Blocking a Hole After the Wire is Fitted and Glued

When using a hole right through the wing the usual practice is to fill it with putty which, to me, means a lot of sanding, filling and much paint to blend the hole with the wing. Being lazy I swiftly adopted this method when I saw it in print. Stretch a piece of sprue and cut off one of the cone shaped ends. Trim the pointed end until it is slightly larger than the hole then paint the end with polystyrene cement and, when the plastic has softened, SCREW the end into the hole. It only takes about a half turn for the soft plastic to spread and completely fill the hole. Cut and sand down the protruding bit and you have a very neat fill. Naturally you have been cunning and chosen sprue the same colour as that of the wing. This so quick easy and makes a perfect block that I use it.

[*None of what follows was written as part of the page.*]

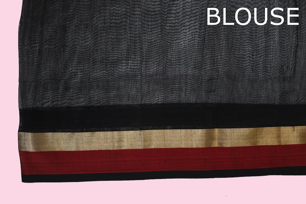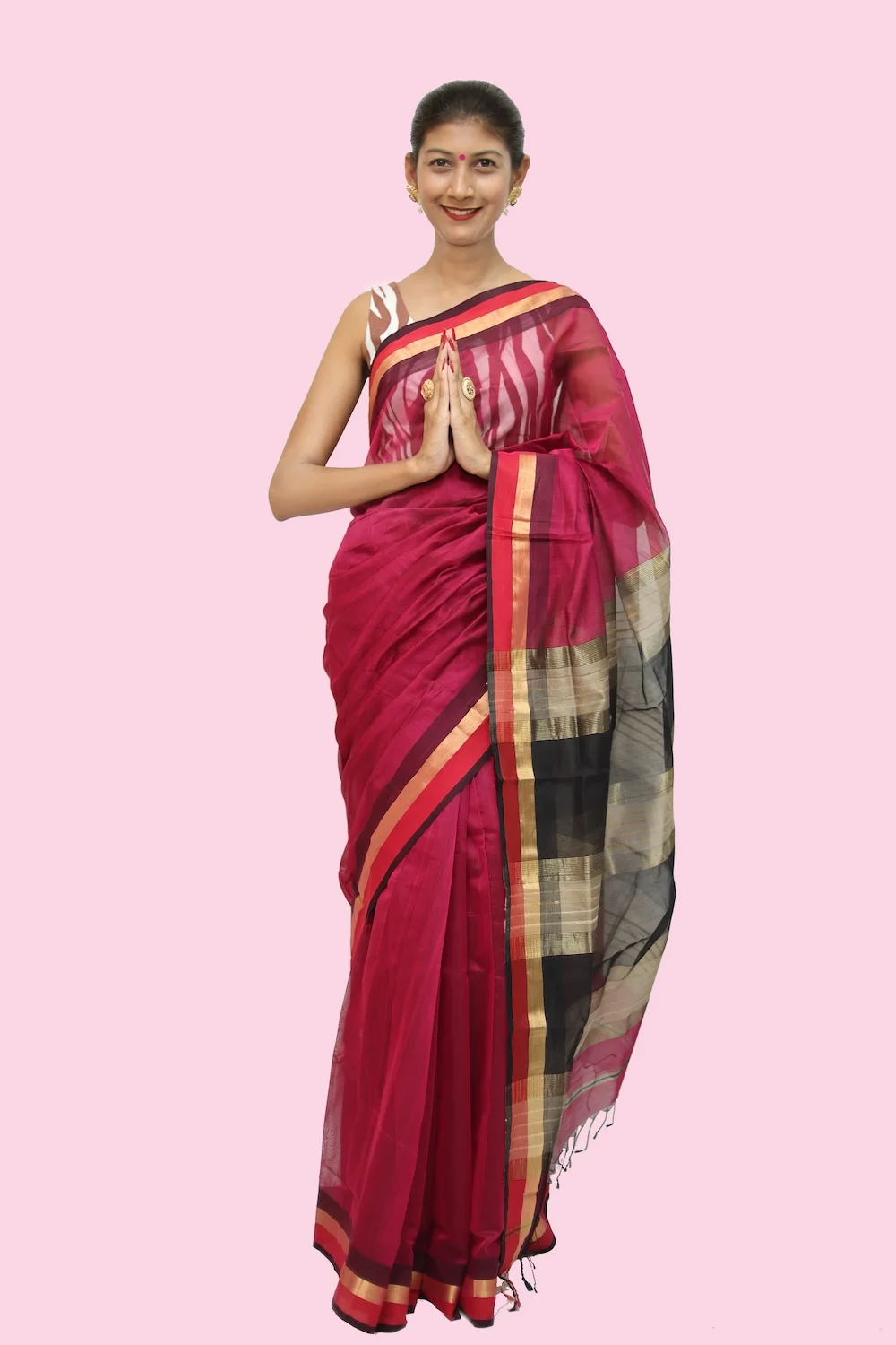 Legacy Kosa Pallu Rani Pink Black handloom Saree with Tassels

You will need a shepherd’s crook for easier rigging. This is made from thin piano wire with a fair bit of rigidity and in use you may have to bend the handle slightly. I use piano wire with some coloured insulation tape at the end for easier sighting on my workbench.

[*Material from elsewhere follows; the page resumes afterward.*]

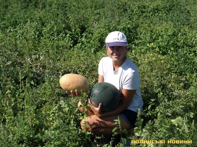 «Ми їх посадили цьогоріч на пробу на двох гектарах. Дині добре виросли, і смакові якості у них відмінні. Проте у нас в області для цієї культури забагато вологи, і вона дуже швидко псується. Вчора вибрали, а сьогодні вже з дефектами. Дині більше підходить сухіший клімат. Кавуни виявилися невибагливими, їм на Волині вистачило сонця і вологи. Цьогоріч плануємо їх реалізовувати насамперед по області», — каже співвласниця.

The length of the handle is from the front of the model to the cockpit with plenty of added length so you can grasp it firmly. Another way is cut all but one prong from a MacDonald’s take-away-fork, heat and bend over the remaining end and you have a good imitation of a shepherds crook. How to use it will be explained later on. Always commence rigging at the centre of the aircraft and work your way out wards.

All these drawings are not to any scale or size. Here your model has been painted, both wing and all struts cemented in place. I prefer not to assemble the undercarriage until later on, too much risk that it will be broken as you turn the model upside down. Very importantly ALL paint and glue is fully dry and hard. Thinking “it should be hard enough” leads to much trouble and often complete ruination of your model. Once I decided to be a Henry Ford and mass produce so I fed all the wires into the fuselage and finished up with such an intangible tangle so that the only solution was go back to square one. I wasn’t as smart as I thought.

Weak and Strong Joins


Wire B is glued at two small points at the wing and the fuselage and therefore very weak. Wire A has been fed through and bent so the depth of the wing and the fuselage hole are the glue points. This makes very strong join.

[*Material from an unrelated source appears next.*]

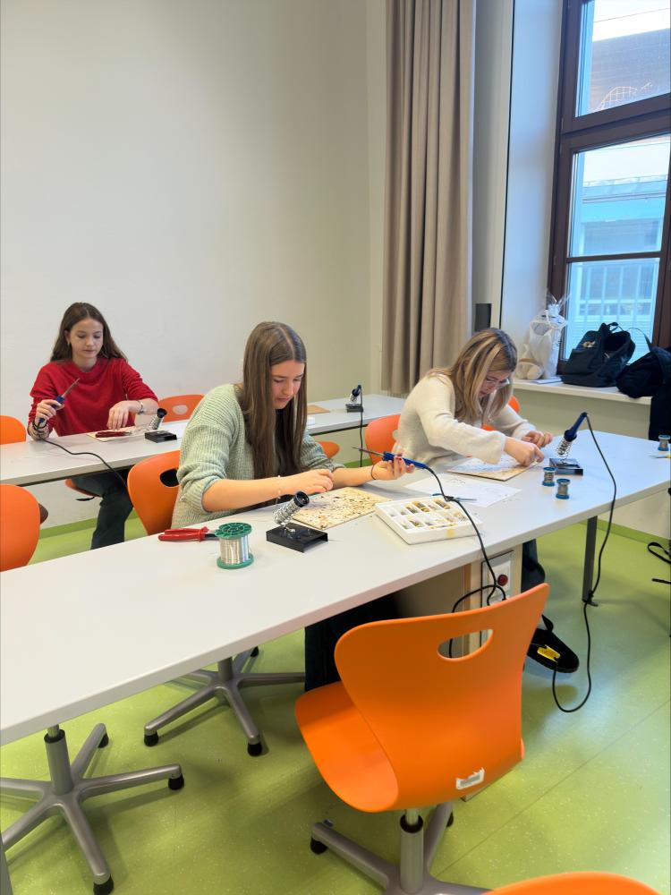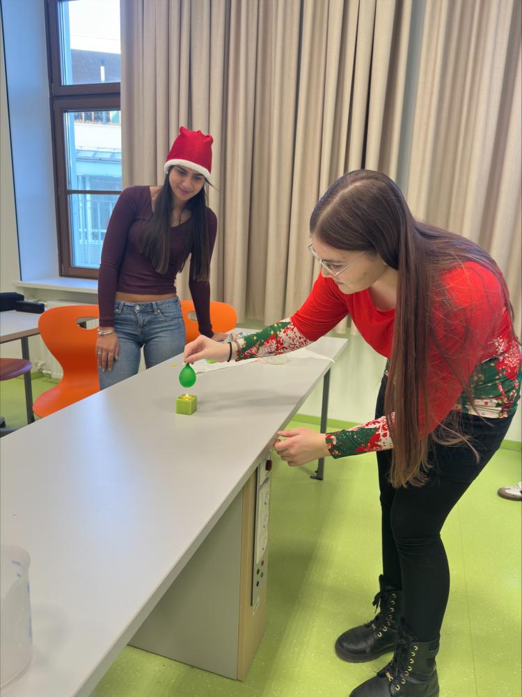 Auch der Nawi-Zweig bot mehrere interaktive Stationen an, wobei beim Löt-Workshop weihnachtliche Motive wie Sterne und Schneemänner entstanden. Natürlich wurden auch Kekse gebacken und verziert, außerdem wurde - unter der Aufsicht Professor Trenkwalders - essbares Glas aus Zucker hergestellt. Für eine gemütliche Atmosphäre sorgten frisch gebackene Weihnachtskekse und Lebkuchen, die im Vorraum des Festsaals bereitgestellt werden.Der Workshop erwies sich als bereichernder Austausch und sinnvolle Alternative zum üblichen vorweihnachtlichen Schullalltag und zeigt, wie abwechslungsreich Lernen gestaltet werden kann.

Each wire, one at a time, was fed through the wing then into the fuselage, more wire in the fuselage, easier for the Shepherds Crook to do its job. Slide the shepherd’s crook into the fuselage and fish around then pull out. It might take a few goes but eventually you will succeed in fishing out the wire. This moving around of the shepherd’s crook is why I do not fit the control column. Wire A runs down the inner wall of the holes and provides a strong join. After gluing wire A the surplus in the fuselage wire is fed into the jaws of a small pair of scissors and the scissors moved along the wire until they can go no further. Wire A is then cut. An alternative is to pull A out through the cockpit, tie a large knot in it, and trim off the surplus wire, put glue on the knot and the pull A taught through the wing and wire B fed though the wing and fuselage.

Actually I use this system for wire A and for the wing wires. With these it is the direction in which you pull makes the wire glue to the inner wall of a hole.

If the radial engine has not been fitted then you can also pull the wires through tthat open space.

Correcting Visible Sags

I say VISIBLE SAG because if the wire looks tight then it is right. Take a source of non flame heat, a cigarette, soldering iron are two. These work quickly, too quickly for my old reflexes so I use an incense stick, much slower but I have much greater control. With the incense sick I did try using the mystical "oooommmm oooommmm" but it made no difference. You heat one small section of the wire and when it tightens then quickly remove the heat source.

If the wire still has a sag then heat another section. Reheating the first section will snap the wire.

If the wire still has a sag the there are two things you must do. First heat a third section of the wire and secondly, next times do a better job of rigging.

Well that is my way of rigging and I hope it helps you. If you do find or come up with a better method then don’t be afraid to use it.